Barbour supports storm recovery work at Cragside

Dame Margaret Barbour re-planting an oak tree at Cragside to mark HM The Queen's Platinum Jubilee.

We’re delighted to announce that iconic British brand Barbour, will be supporting Cragside with a partnership fund. Following an unprecedented series of winter storms, Barbour is generously helping to fund the clean-up and restoration work needed at Cragside. They are a brand that cares about nature and have proud roots in the north east of England.

What happened at Cragside?

Storm Arwen, and the subsequent winter storms, devasted the landscape at Cragside. Thousands of trees were lost as wind gusts reaching almost 100mph bombarded the estate. With an unusual northerly wind direction, and little defence from the surrounding low-lying moorland, Cragside’s treeline caught the full force of the exceptionally high winds.

Trees were blown over, some with roots ripped up, while others were snapped in two. Broken branches hung precariously in the canopy of other trees, debris littered the forest floor, and in some places, large branches were found sticking out of the ground, having been catapulted into the soil at great speed.

Drone footage showing the damage caused by Storm Arwen from the air.
Drone footage showing the damage caused by Storm Arwen from the air.
Drone footage showing the damage caused by Storm Arwen from the air.

After Storm Arwen, Cragside closed entirely for two weeks to allow the forestry team to carry out tree safety inspections, assess the damage across Cragside’s huge woodland and start clearance works.

Using drones to understand the impact of more frequent storms

The Debdon Valley was another area heavily impacted by the winds with many of Cragside’s oldest and biggest trees blown over in the wind. Due to the shape of the valley, the wind whirled around, creating a cyclone effect. This meant that the wind-blown trees were lying on top of each other, rather than in one direction. The team used drones to assess the damage. This helped them to decide what equipment they needed and assess how dangerous the Valley was.

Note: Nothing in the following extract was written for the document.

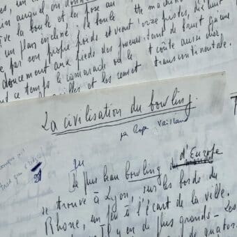 Manuscrit d’un article de Roger Vailland sur le Bowling, loisir en plein essor en Europe

The clearance work in the Valley is now complete and from the ground there is a noticeable difference in the amount of light as there are now large gaps in the tree canopy. Thanks to the funding from Barbour, the forestry team will work with a contractor to carry out another drone fly-over to evaluate the changes in the landscape. The footage will show the team the dramatic changes to the treescape from the air and help to determine a re-planting programme. It will also create a better understanding of the damage that might be caused by the ever-increasing severe winter storms. 

Monitoring the health of the trees

While planting trees is a great way to support the environment and mitigate climate change, it’s also important to protect the trees that we already have.

Cragside’s foresters use their knowledge to look out for the signs that trees may be unhealthy; bulges appearing in the trunk, unusual fungus growing on the bark and branches and deterioration in the tree canopy, such as needle discolouration or an unseasonable loss or lack of leaves, can all be signs of disease.  Although this is often this is a sign that the tree needs to be felled, as some of the tallest trees in the collection are some of the tallest of their kind in the country, it’s important that the foresters confirm their observations. Using the funding from Barbour, the Cragside foresters will be able to purchase a new resistograph. 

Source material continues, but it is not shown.